CADA looks to legislature for first funding increase in eight years

Mar. 12—MANKATO — Despite a greater need for victim services at the Committee Against Domestic Abuse, executive director Jason Mack said the nonprofit hasn't seen a funding increase in more than eight years.

Even worse, one key source of federal funding looks likely to go down by about 25% this year. Another, from the state, could again remain flat if state lawmakers don't pass a proposed $25 million per year increase over two years — to be shared between CADA and other crime victim services providers across the state.

Without the state increase, Mack said, CADA would need to look at cutting direct service staffing levels by 43%.

The impact would be wide reaching across CADA's nine-county area, as those staff members work with hundreds upon hundreds of victims of sexual and domestic violence.

"It's going to impact over 1,000 people per year who currently have access to programming in our area," Mack said.

CADA currently serves between 2,000 to 2,500 people per year. There's more to the numbers, though, said Kristen Walters, CADA's development and communications manager.

"The time advocates spend with each person has increased," she said. "The complexity of everyone's situation has increased, so the numbers aren't necessarily telling the whole picture."

CADA leadership's hopes for a funding increase crumbled when the legislative session fizzled out last year. This year, Mack described feeling cautiously optimistic as the nonprofit works to educate lawmakers and the public on how funding isn't a given.

About 84% of CADA's revenue comes from grants from the Minnesota Department of Public Safety's Office of Justice Programs, or OJP. The grants include both state funding, the chunk that's long been flat, and federal funding, which fluctuates more year over year.

It's typical for crime victim service programs to rely on this grant funding, Walters said.
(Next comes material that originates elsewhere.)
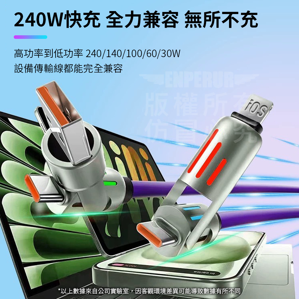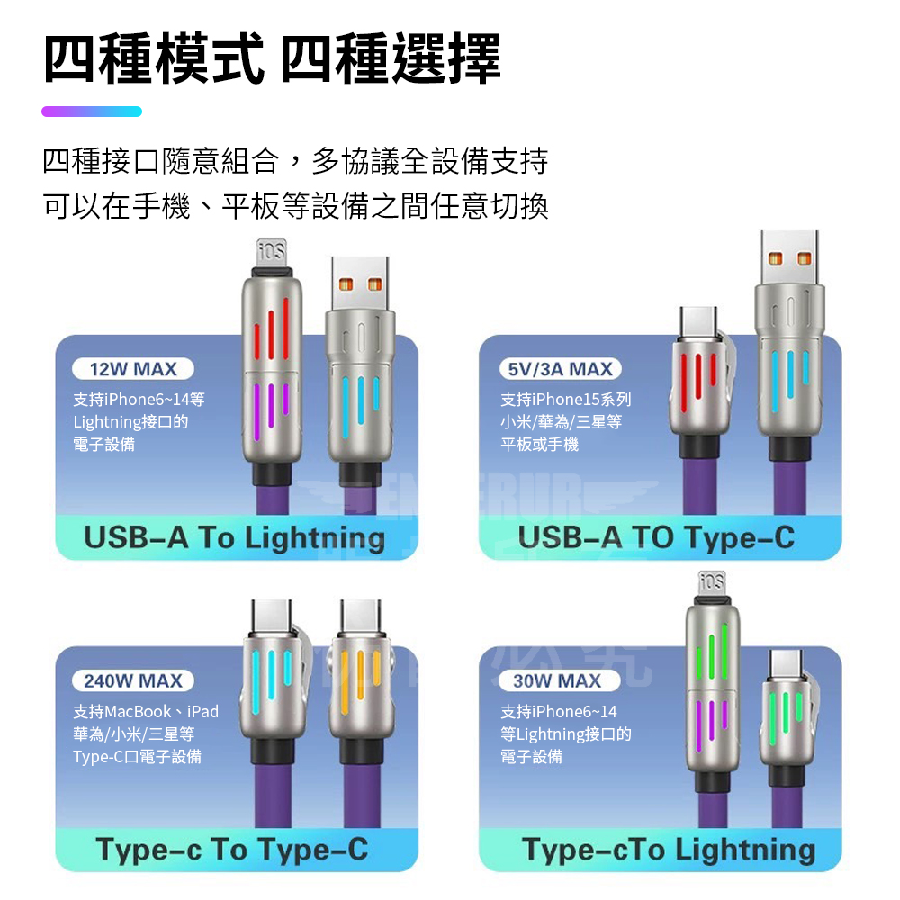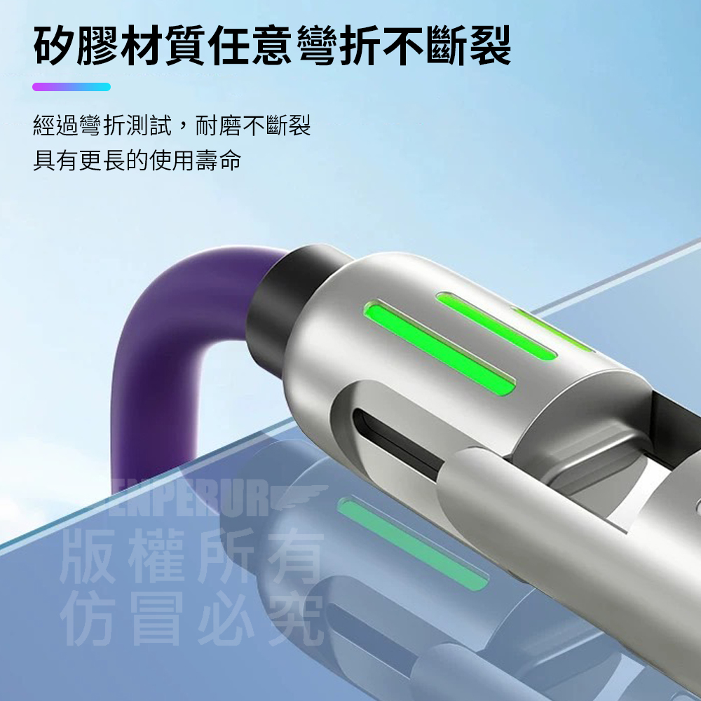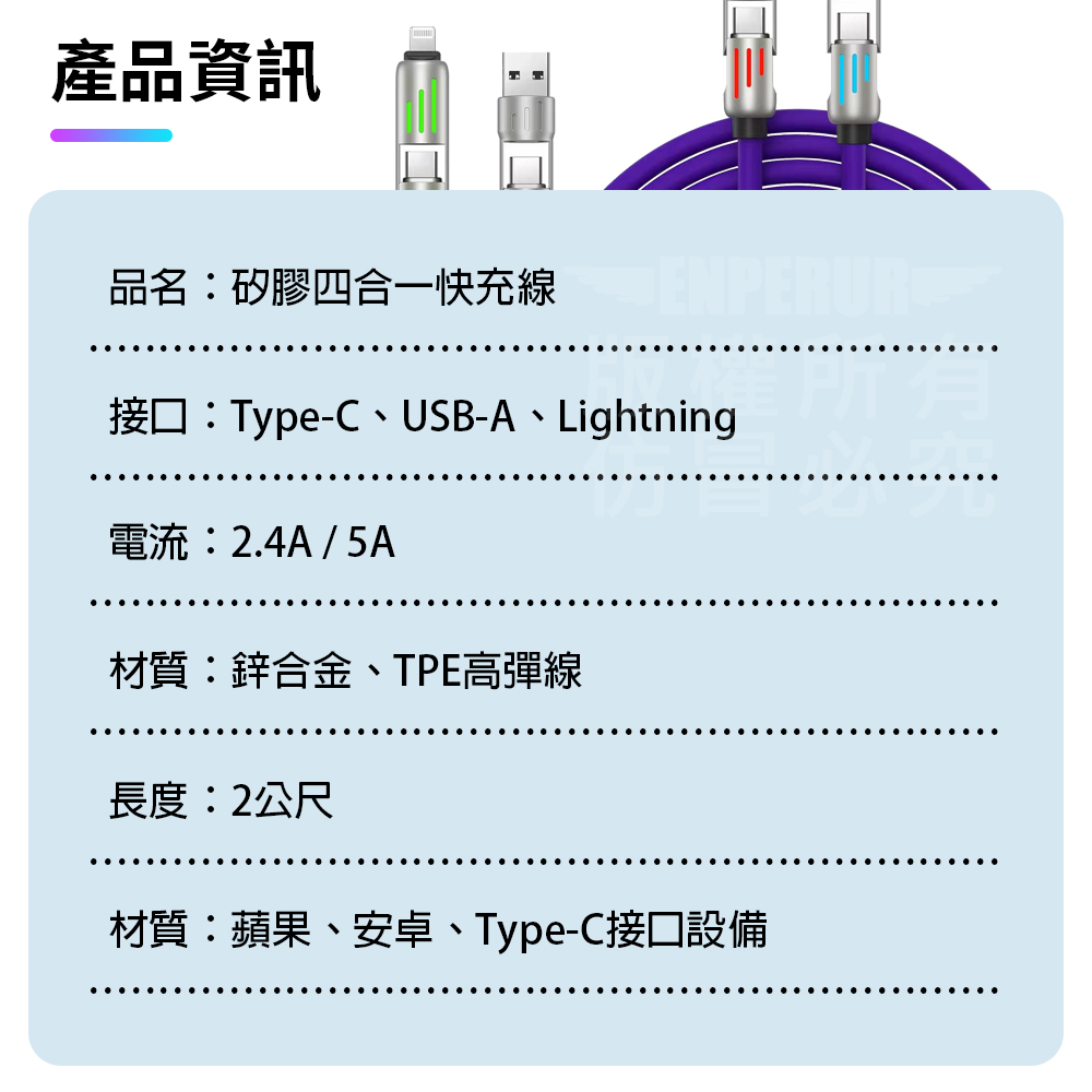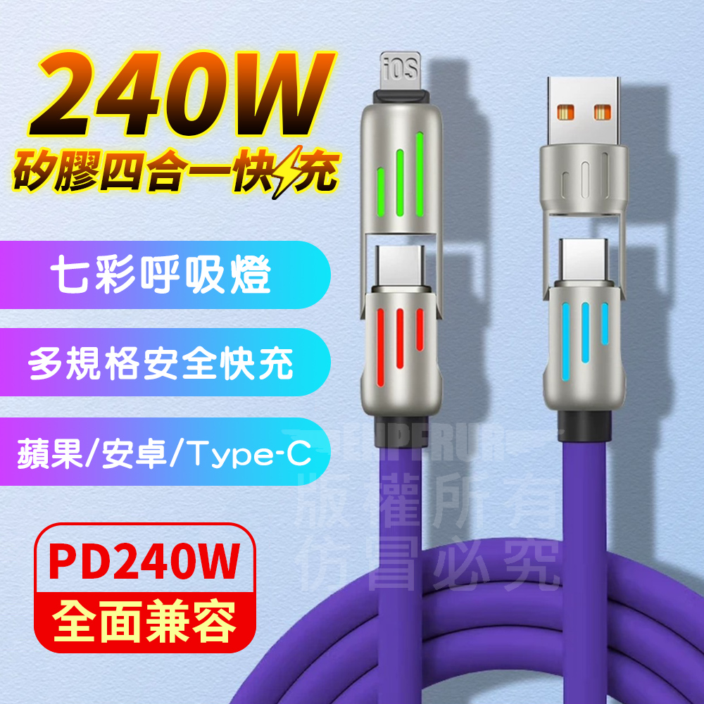 矽膠四合一快充線是一款集多種充電接口於一身的充電線,通常採用矽膠或編織線身,結合USB-AUSB-CLightning蘋果)和Micro-USB等常見接口,支援PDUSB Power Delivery)和QCQuick Charge)快充技術,可同時為Android、iPhone和具有Type-C接口的設備充電,甚至可為部分筆記型電腦充電,同時也兼具數據傳輸功能。

The federal funding, from the Victims of Crime Act, is partly tied to the number and type of federal prosecutions. A big case requiring high restitution payments goes on to help crime victim services organizations, but funding fell off in the later years of the Trump administration and hasn't yet rebounded during the Biden administration.

The result is CADA expects to receive a $230,000 reduction in federal funding. And while no state increase would be the worst case scenario, securing an increase merely improves the chances of CADA maintaining current support staff levels.

Increasing services, let alone increasing staff or investing in retaining staff in a competitive job market, would require a bigger funding increase, essentially establishing a new, sustainable baseline.

Funding for CADA, a vital partner to the Mankato Department of Public Safety, is critical, said Matt DuRose, deputy director of public safety.

"We really rely upon them for victim advocacy, and that can be through the court process, could be through protection orders, and it can be other parts of advocacy that we really need somebody to provide," he said. "CADA really fills that void."

CADA's statewide coalition partners will be rallying to raise awareness of their roles and funding situations at the Capitol on March 22. The groups will look to stir up support on both sides of the aisle for the grant increase and additional needs, after six DFL representatives authored the funding bill in the Minnesota House and Sen. Heather Gustafson, DFL-Vadnais Heights, authored a companion bill in the Minnesota Senate.